What to work on - Line by line, return the listing exactly, without any of the images.

Provided material -
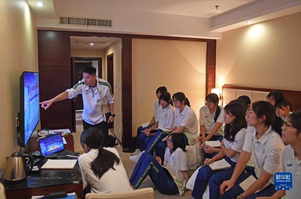 11月9日,教练蔡茂鑫(上左)在准备会上为队员讲解录像。新华社记者 侯昭康 摄
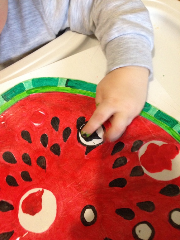 Дальше под кат... В общем с утра я приготовила сыну вот такой арбуз, " заламинировала" его скотчем ))))))) чтоб многоразового пользования он был...
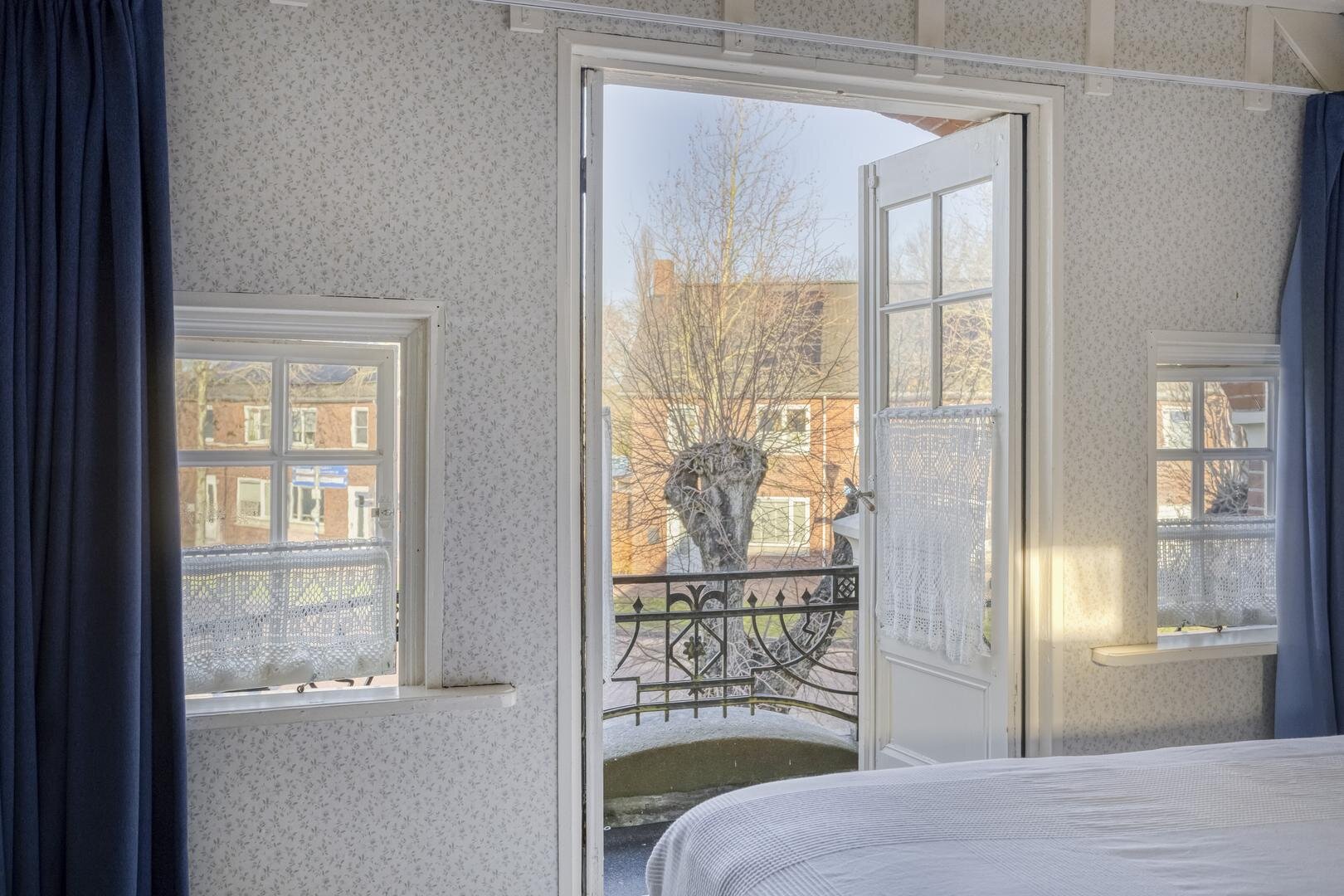Eerste verdieping: Op de verdieping bevindt zich momenteel een royale multifunctionele ruimte, bijvoorbeeld te gebruiken als werk- of hobbykamer, en voorzien van een sfeervolle bedstee. Aan de westzijde ligt een fijne slaapkamer met inbouwkast, toegang tot het balkon en opnieuw authentieke details.
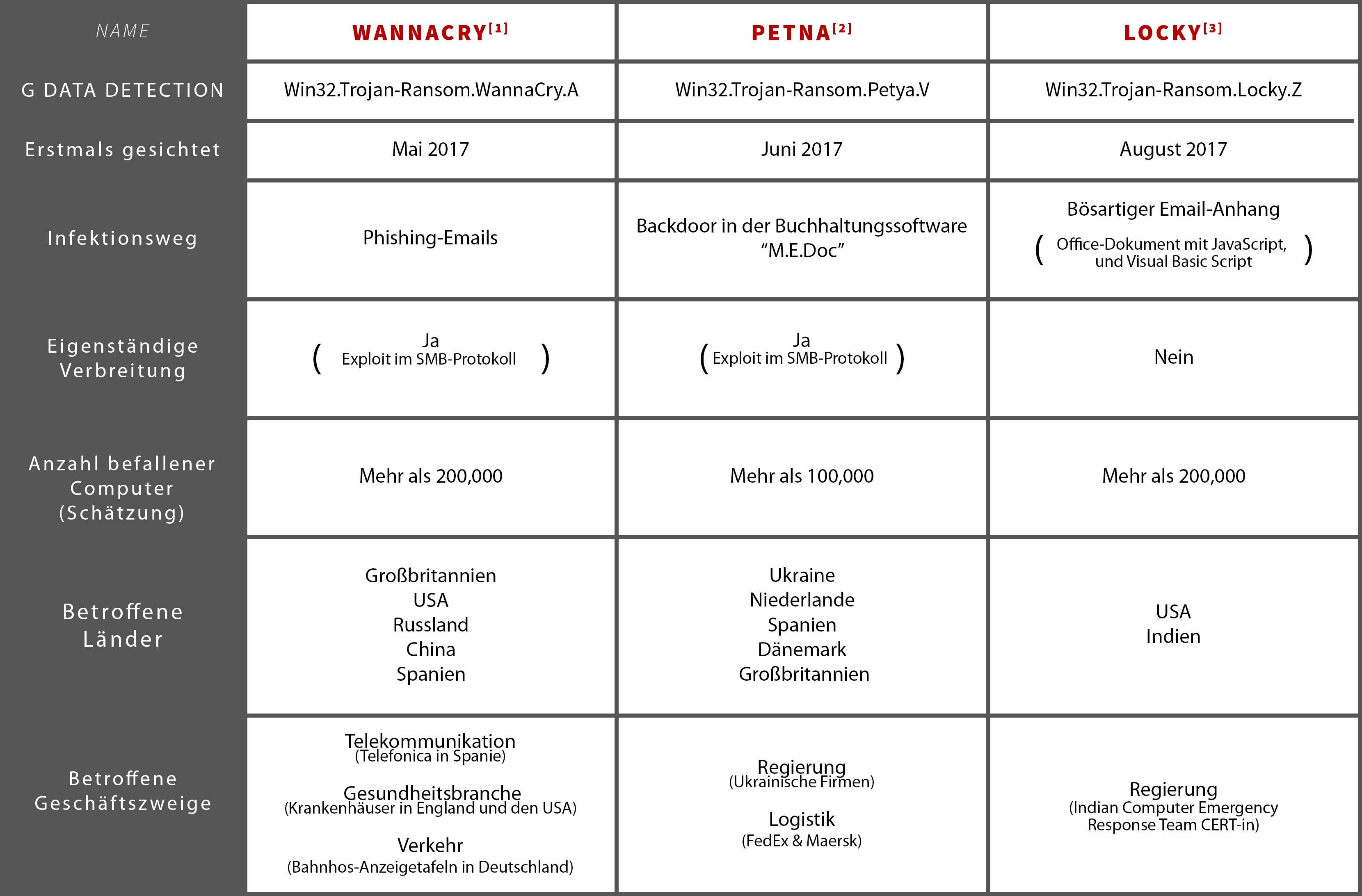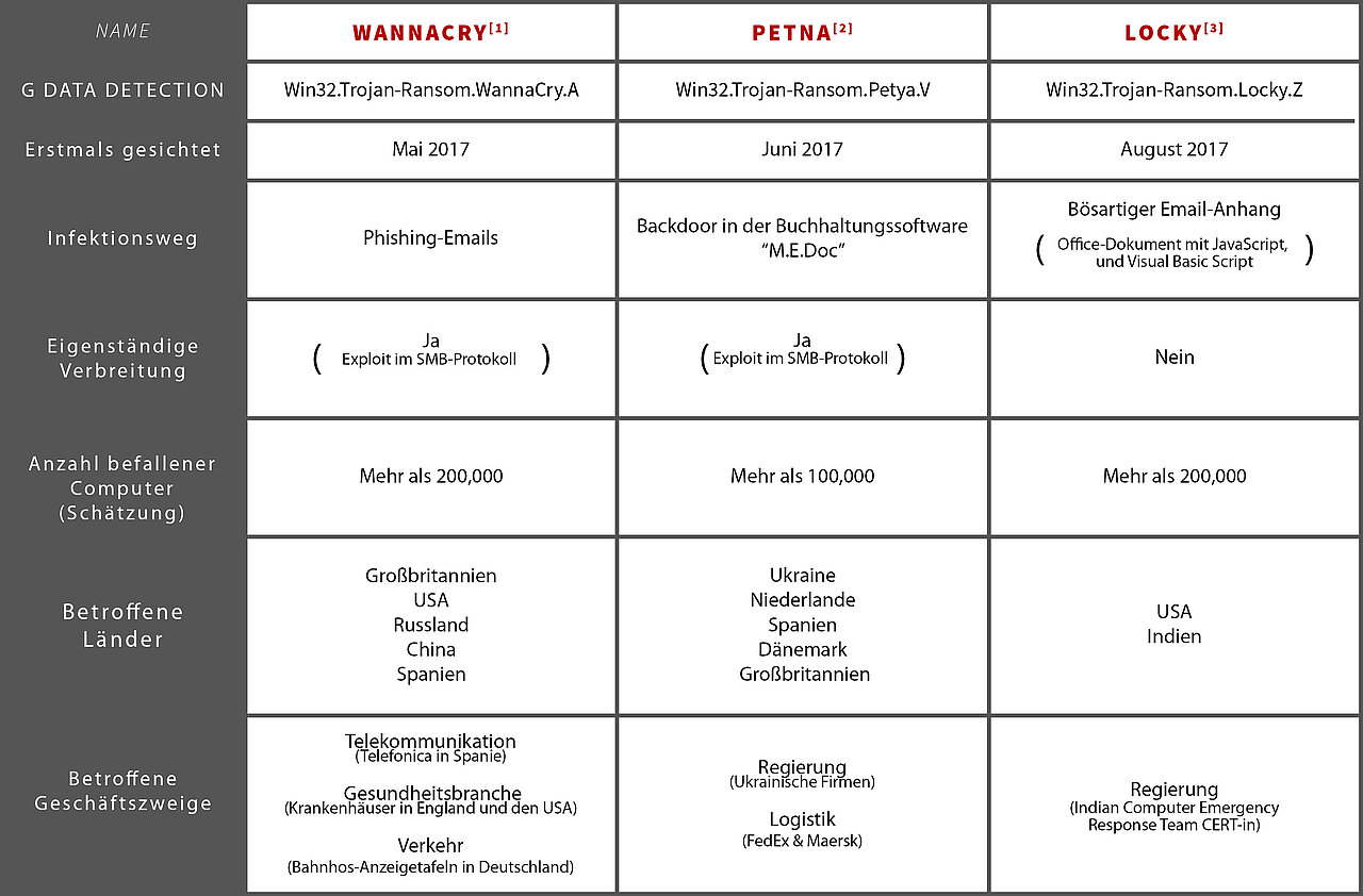 Werfen wir einen Blick auf die prominentesten Vertreter der Gattung Ransomware und darauf, wie solche astronomischen Schadenssummen zustande kommen. Die nachfolgende Tabelle enthält Hinweise auf ein bestimmtes Verhaltensmuster, nach dem sich Malware-Autoren zunehmen auf Wirtschaftszweige kontentrieren, in denen die Absicherung wichtiger Kundendaten einen hohen Stellenwert hat. Die Tatsache, dass Lösegelder gezahlt werden und dass hier massive Imageschäden angerichtet werden, unterstreicht, dass diese Strategie Wirkung zeigt. Petna bildet hier eine Ausnahme, da dieser Schädling nie dazu gefdacht war, Profit zu generieren. Stattdessen war Petnas Ziel, betroffene Betriebe lahmzulegen.

Output below -
 11月9日,教练蔡茂鑫(上左)在准备会上为队员讲解录像。新华社记者 侯昭康 摄
 Дальше под кат... В общем с утра я приготовила сыну вот такой арбуз, " заламинировала" его скотчем ))))))) чтоб многоразового пользования он был...
Eerste verdieping: Op de verdieping bevindt zich momenteel een royale multifunctionele ruimte, bijvoorbeeld te gebruiken als werk- of hobbykamer, en voorzien van een sfeervolle bedstee. Aan de westzijde ligt een fijne slaapkamer met inbouwkast, toegang tot het balkon en opnieuw authentieke details.
 Werfen wir einen Blick auf die prominentesten Vertreter der Gattung Ransomware und darauf, wie solche astronomischen Schadenssummen zustande kommen. Die nachfolgende Tabelle enthält Hinweise auf ein bestimmtes Verhaltensmuster, nach dem sich Malware-Autoren zunehmen auf Wirtschaftszweige kontentrieren, in denen die Absicherung wichtiger Kundendaten einen hohen Stellenwert hat. Die Tatsache, dass Lösegelder gezahlt werden und dass hier massive Imageschäden angerichtet werden, unterstreicht, dass diese Strategie Wirkung zeigt. Petna bildet hier eine Ausnahme, da dieser Schädling nie dazu gefdacht war, Profit zu generieren. Stattdessen war Petnas Ziel, betroffene Betriebe lahmzulegen.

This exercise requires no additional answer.